* **Problem**: Down to the final line, print the records below exactly and without pictures.
==== Supplied information ====
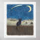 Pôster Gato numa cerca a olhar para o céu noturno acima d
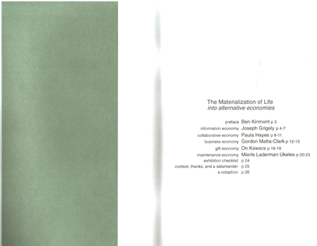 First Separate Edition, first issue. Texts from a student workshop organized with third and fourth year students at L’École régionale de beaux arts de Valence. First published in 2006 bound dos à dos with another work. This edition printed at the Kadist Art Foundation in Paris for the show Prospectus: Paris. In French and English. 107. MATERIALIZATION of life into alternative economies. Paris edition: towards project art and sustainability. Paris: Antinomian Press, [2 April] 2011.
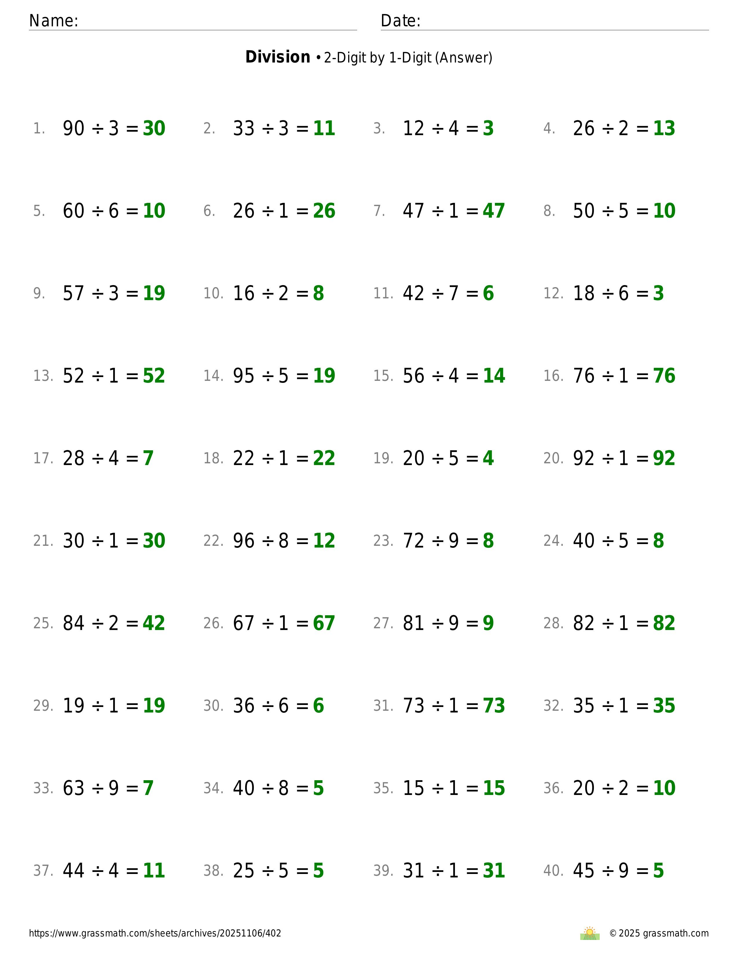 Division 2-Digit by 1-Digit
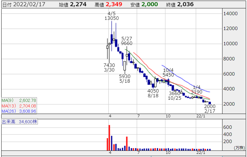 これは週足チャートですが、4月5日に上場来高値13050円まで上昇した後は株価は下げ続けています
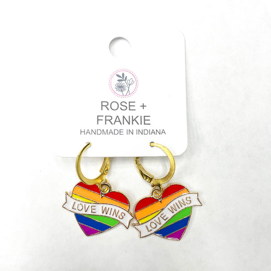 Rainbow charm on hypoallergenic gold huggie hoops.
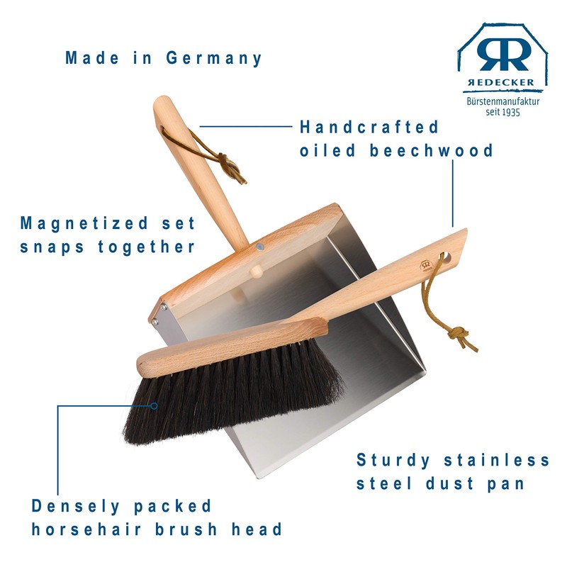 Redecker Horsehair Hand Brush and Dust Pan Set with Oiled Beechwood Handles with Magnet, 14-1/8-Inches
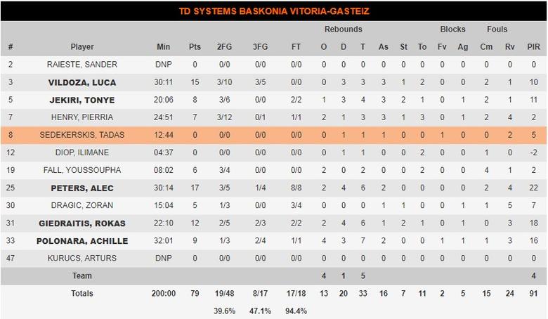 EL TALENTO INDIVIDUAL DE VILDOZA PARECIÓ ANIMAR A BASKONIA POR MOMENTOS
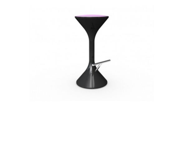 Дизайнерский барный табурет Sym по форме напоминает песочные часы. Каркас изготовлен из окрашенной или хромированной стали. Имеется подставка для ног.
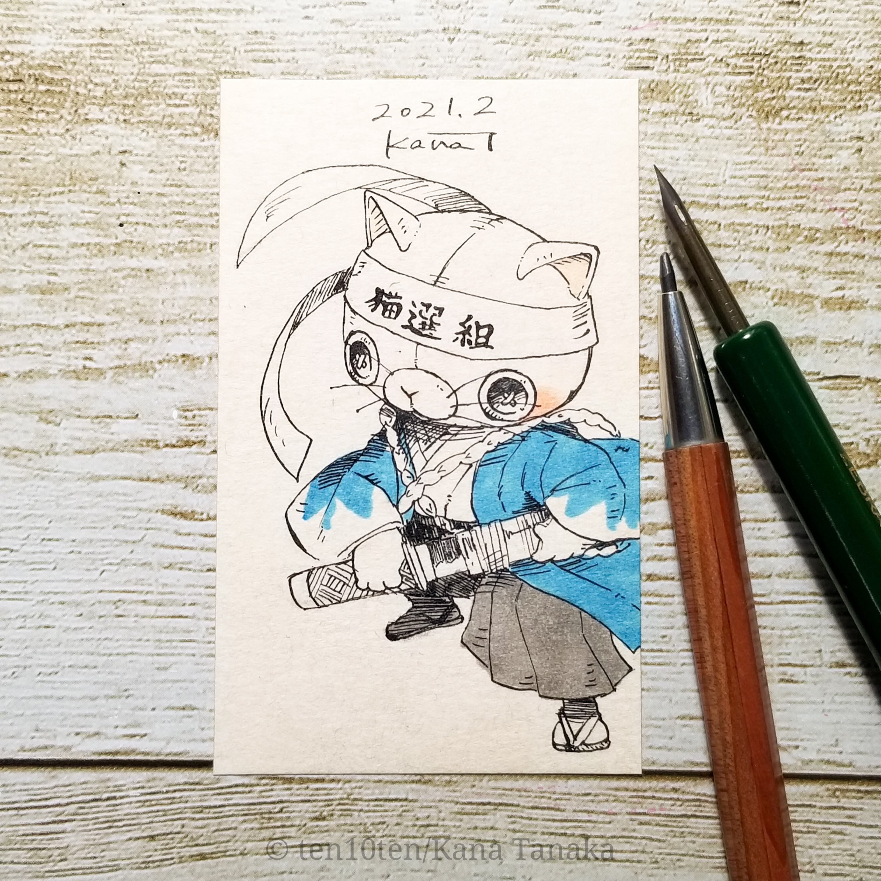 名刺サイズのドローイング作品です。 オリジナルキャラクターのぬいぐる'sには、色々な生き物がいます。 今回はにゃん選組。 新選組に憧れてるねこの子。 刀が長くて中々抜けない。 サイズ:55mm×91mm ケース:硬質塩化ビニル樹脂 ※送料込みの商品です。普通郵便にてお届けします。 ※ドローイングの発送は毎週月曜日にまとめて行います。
====
* **Task solution**:
 Pôster Gato numa cerca a olhar para o céu noturno acima d
 First Separate Edition, first issue. Texts from a student workshop organized with third and fourth year students at L’École régionale de beaux arts de Valence. First published in 2006 bound dos à dos with another work. This edition printed at the Kadist Art Foundation in Paris for the show Prospectus: Paris. In French and English. 107. MATERIALIZATION of life into alternative economies. Paris edition: towards project art and sustainability. Paris: Antinomian Press, [2 April] 2011.
 Division 2-Digit by 1-Digit
 これは週足チャートですが、4月5日に上場来高値13050円まで上昇した後は株価は下げ続けています
 Rainbow charm on hypoallergenic gold huggie hoops.
 Redecker Horsehair Hand Brush and Dust Pan Set with Oiled Beechwood Handles with Magnet, 14-1/8-Inches
 EL TALENTO INDIVIDUAL DE VILDOZA PARECIÓ ANIMAR A BASKONIA POR MOMENTOS
 Дизайнерский барный табурет Sym по форме напоминает песочные часы. Каркас изготовлен из окрашенной или хромированной стали. Имеется подставка для ног.
 名刺サイズのドローイング作品です。 オリジナルキャラクターのぬいぐる'sには、色々な生き物がいます。 今回はにゃん選組。 新選組に憧れてるねこの子。 刀が長くて中々抜けない。 サイズ:55mm×91mm ケース:硬質塩化ビニル樹脂 ※送料込みの商品です。普通郵便にてお届けします。 ※ドローイングの発送は毎週月曜日にまとめて行います。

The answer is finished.